* **Task item**: Exact copy, no pictures: every line from the one that contains "3-24杏彩急速赛马运气挺不错" through the end of the data below, and nothing else.

* **Collected data**:
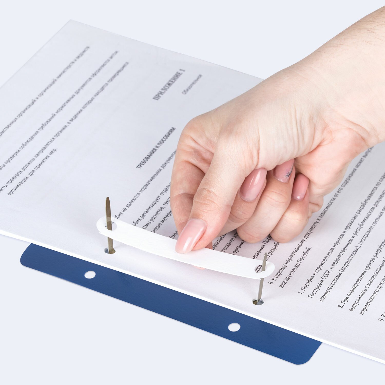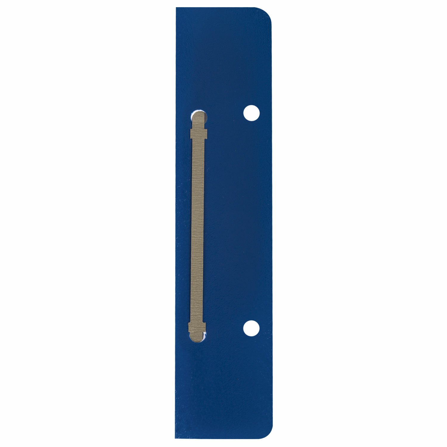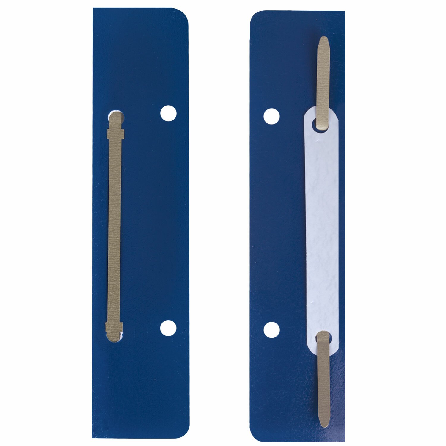 В комплект входит 50 штук. Механизм размером 160х36 мм состоит из металлопластика синего цвета. Длина ножек - 35 мм, а расстояние между отверстиями составляет 80 мм. Вмещает до 100 листов.
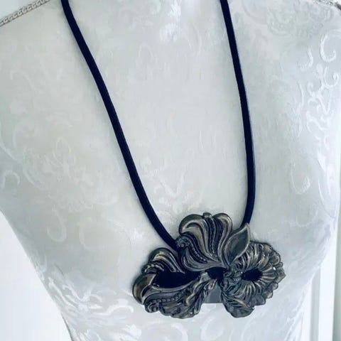 Måler: vedhænget måler 7 x 6 cm og halskæden måler 41 cm.
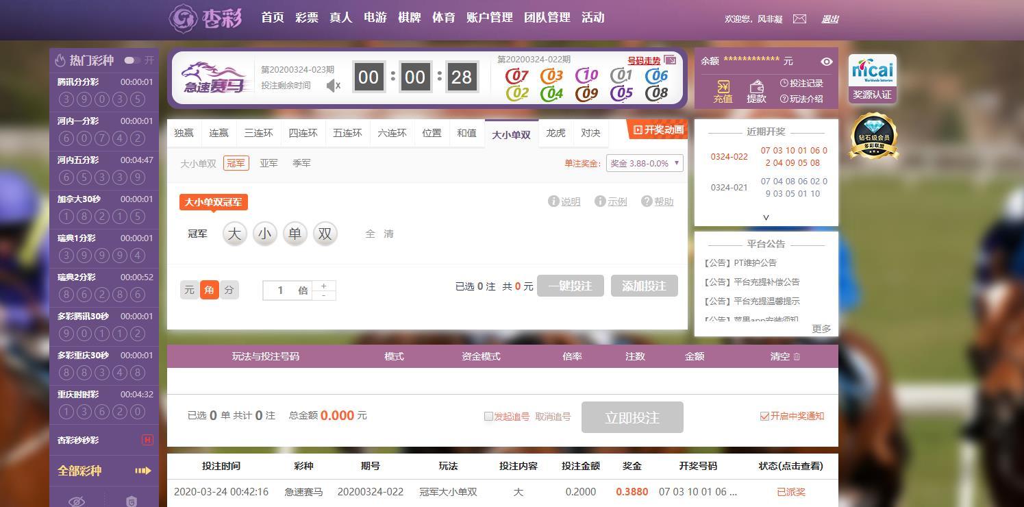 3-24杏彩急速赛马运气挺不错
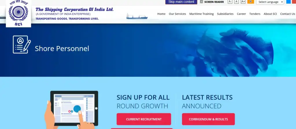 - सबसे पहले आपको SCI की आधिकारिक वेबसाइट shipindia.com पर जाना होगा। होम पेज पर ही आपको सबसे ऊपर Nav Bar में ‘Profession’ की ऑप्शन दिखेगी, उस पर क्लिक करें।

* **Output of the task**:
 3-24杏彩急速赛马运气挺不错
 - सबसे पहले आपको SCI की आधिकारिक वेबसाइट shipindia.com पर जाना होगा। होम पेज पर ही आपको सबसे ऊपर Nav Bar में ‘Profession’ की ऑप्शन दिखेगी, उस पर क्लिक करें।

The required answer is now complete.